Delayed-type hypersensitivity is mediated by cytotoxic CD8⁺ suppressor T cells. The cytotoxic cells kill nonactivated macrophages laden with mycobacteria and thus cause local tissue destruction. Delayed-type hypersensitivity results in the formation of caseating necrotic granulomas. This stops bacillary growth; mycobacteria, now extracellular, cannot multiply in this acidic, anoxic, extracellular environment. Tubercle bacilli can survive dormant in this solid caseous material for years.¹² The host’s resistance determines whether the disease remains dormant or becomes active.

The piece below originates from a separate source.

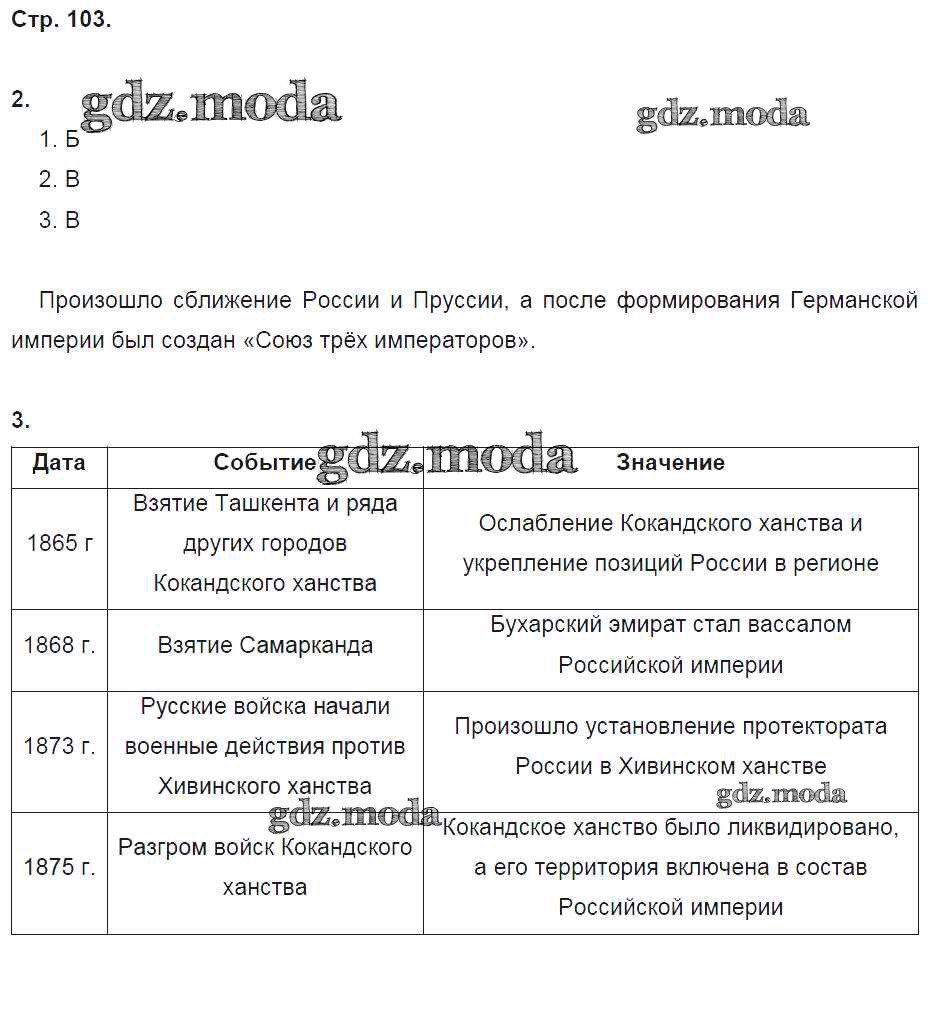 ГДЗ решение к заданию № 103 История России 9 класс рабочая тетрадь Данилов А.А. Просвещение 2017 Часть 1, Часть 2 ФГОС бесплатно на гдз.мода!
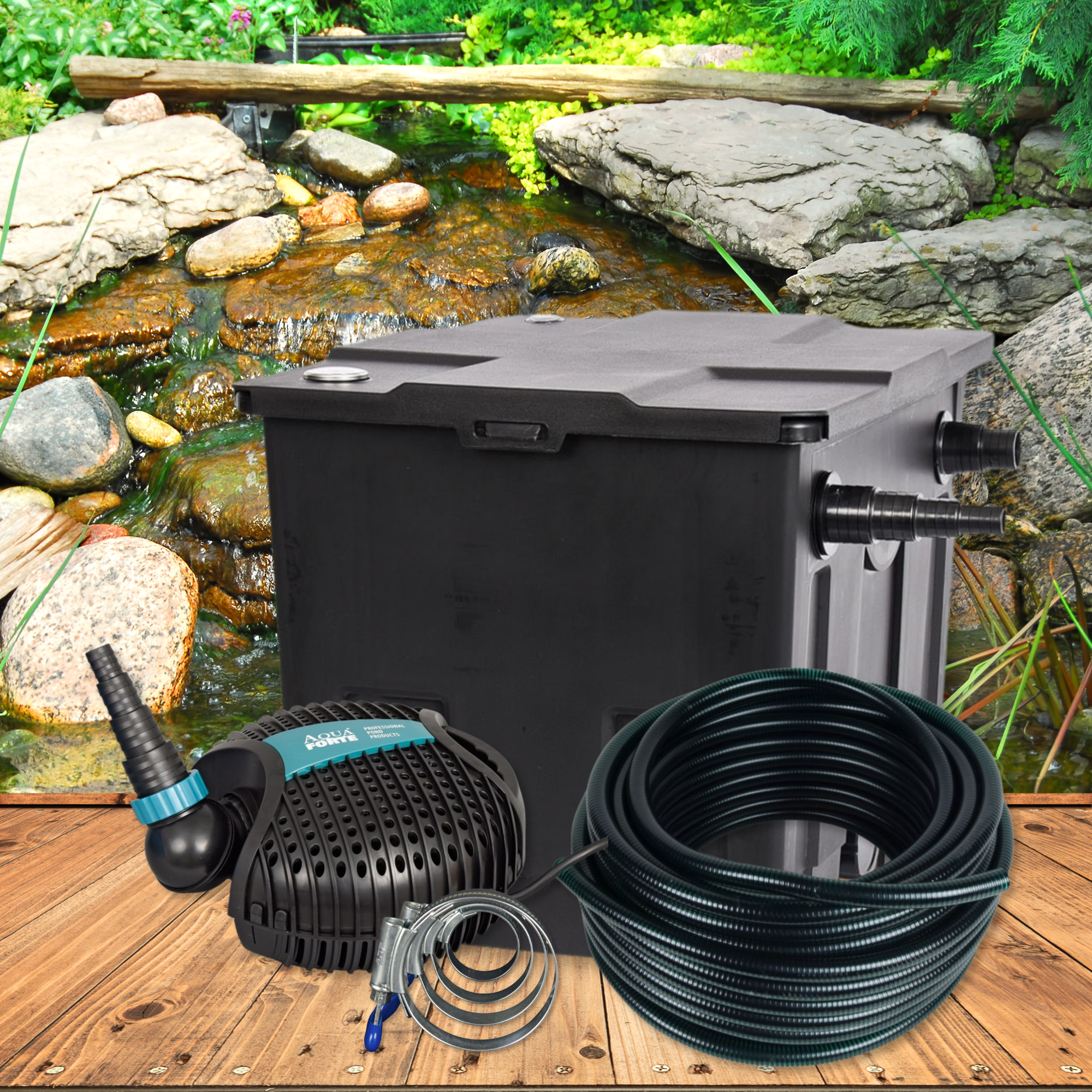 De optimale filterset voor kleine tuinvijvers tot maximaal 6.000 liter.

In the immunocompetent host with strong cell-mediated immunity, the primary lesion is effectively walled off by epithelioid cells. Eventually, the caseous center inspissates, and the disease is arrested. Similarly, at sites of lymphohematogenous spread, the mycobacteria are quickly destroyed by a rapid immunologic response. The rapid destruction of the mycobacteria by cell-mediated immunity terminates the infectious process, and the only evidence of the infection is conversion to a positive tuberculin (purified protein derivative [PPD]) skin test result.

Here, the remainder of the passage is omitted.